# The Knick



## Louis Gara (22 Novembre 2014)

Serie televisiva statunitense (trasmessa su Cinemax), diretta da Steven Soderbergh e con protagonista Clive Owen, che interpreta John Thackery, capo del reparto di chirurgia di un ospedale del 1900. La serie gira intorno alle moderne scoperte in campo chirurgico e sugli effetti delle varie droghe.


----------



## cris (24 Novembre 2014)

Ho visto il pilot, non mi dice nulla... non ho intenzione di proseguire... attualmente, aimè, non trovo serie che mi entusiasmano.


----------



## Tifo'o (23 Gennaio 2015)

E' una specie di ***** del 900 rotfl [MENTION=1425]Louis Gara[/MENTION] che roba ti guardi?


----------



## Now i'm here (23 Gennaio 2015)

visto qualche puntata sparsa qua e là su sky atlantic. 

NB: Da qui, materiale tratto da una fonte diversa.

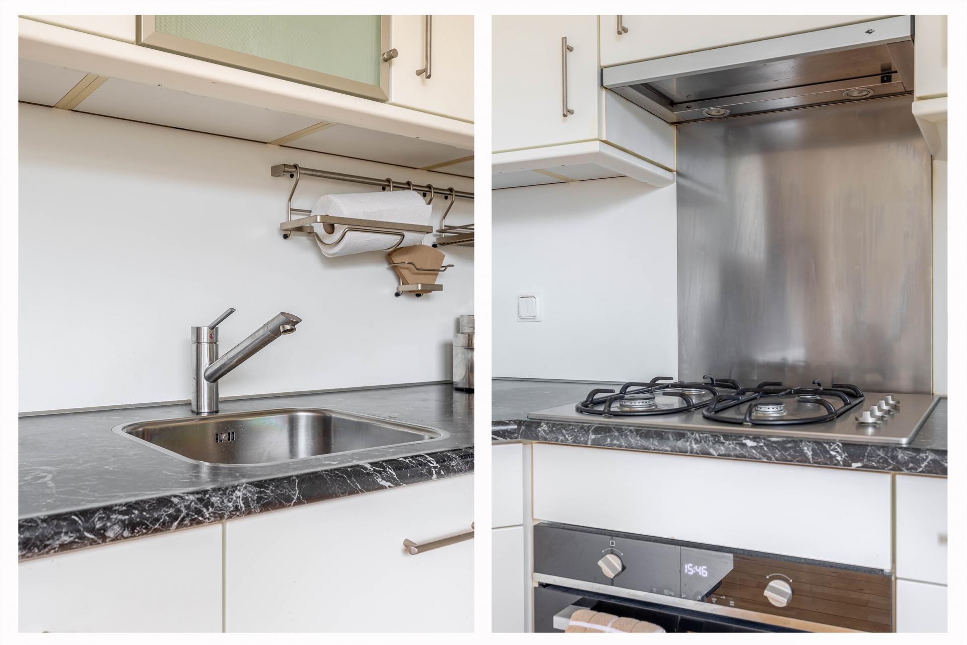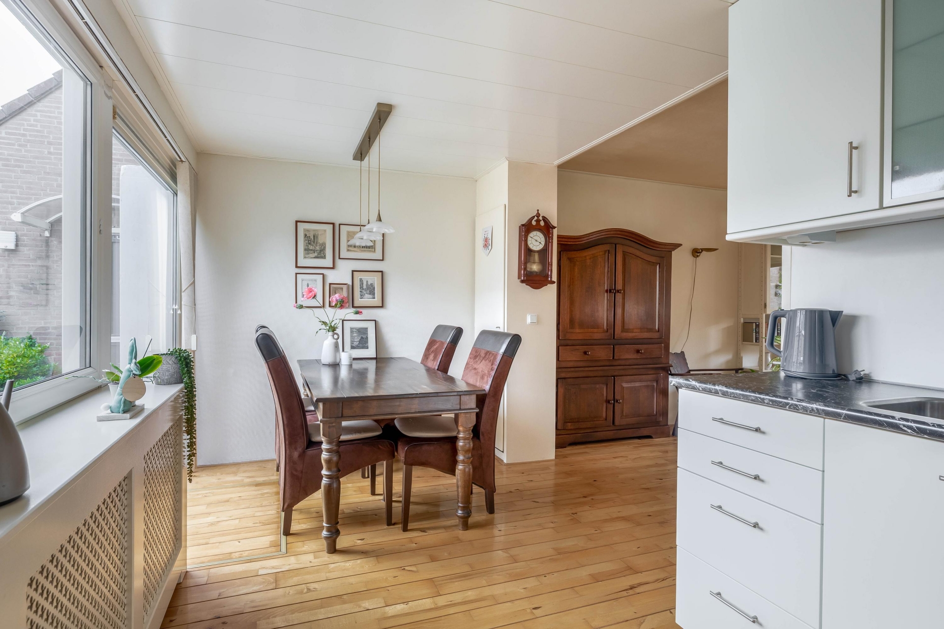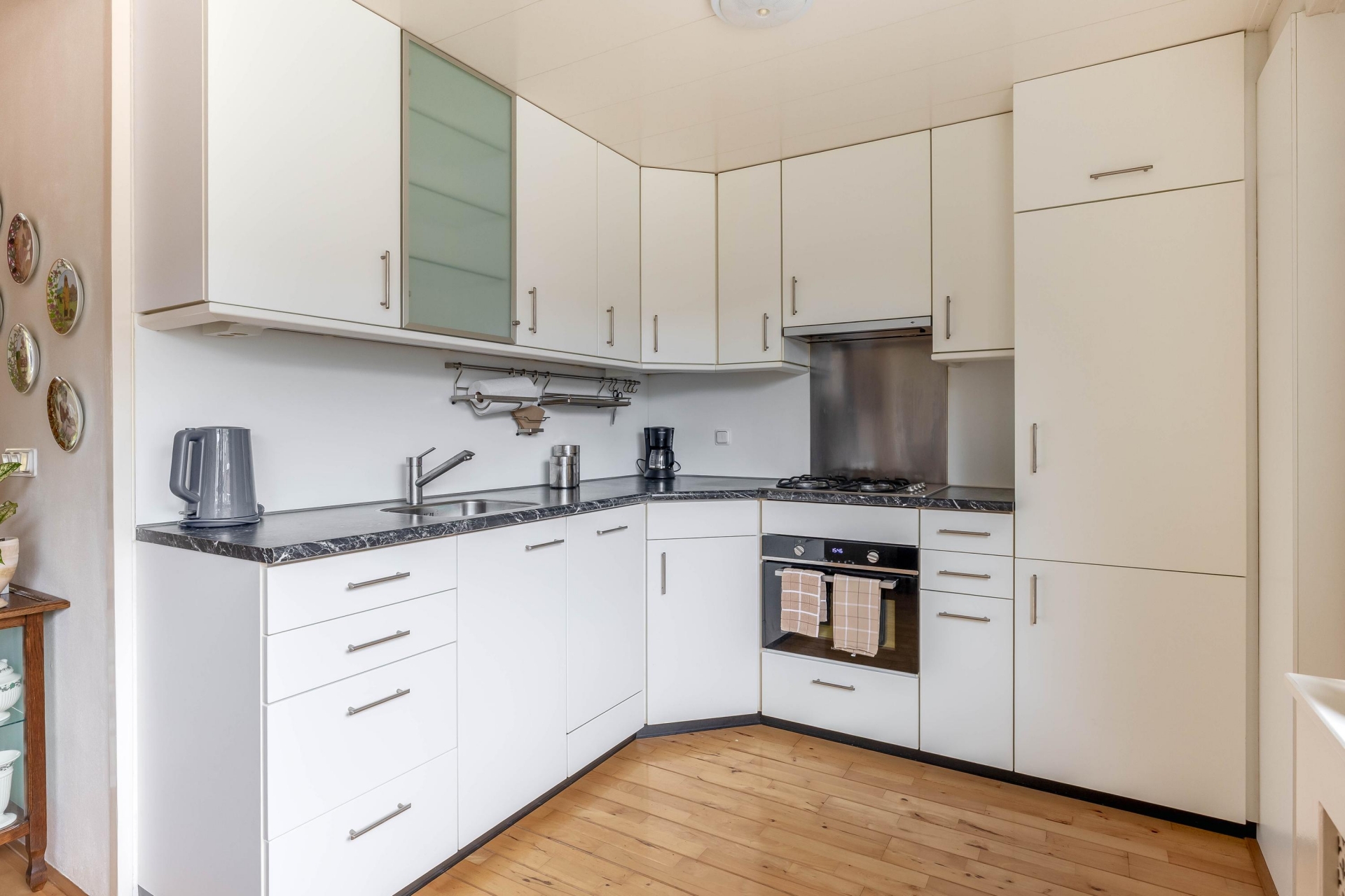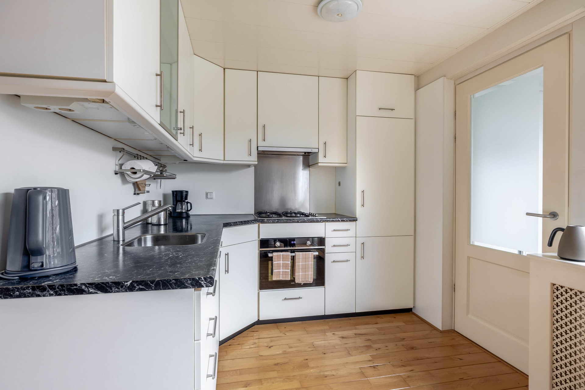 Aan de voorzijde van het huis vind je de verzorgde keuken, met een slimme hoekopstelling die zorgt voor veel werkruimte én opbergruimte. De keuken is uitgerust met diverse inbouwapparatuur zoals een gaskookplaat, oven, afzuigkap, vaatwasser en koel-/vriescombinatie. De lichte kleurstelling, het donkere werkblad en de houten vloer zorgen voor een tijdloze uitstraling die past in elk interieur.

niente di che, non mi ha preso molto.


----------



## Super_Lollo (24 Gennaio 2015)

Vista tutta la prima serie clamoroso .. Mi è piaciuto tantissimo e io sono un fissato con le serie TV


----------



## Louis Gara (24 Gennaio 2015)

Tifo'o ha scritto:


> E' una specie di ***** del 900 rotfl [MENTION=1425]Louis Gara[/MENTION] che roba ti guardi?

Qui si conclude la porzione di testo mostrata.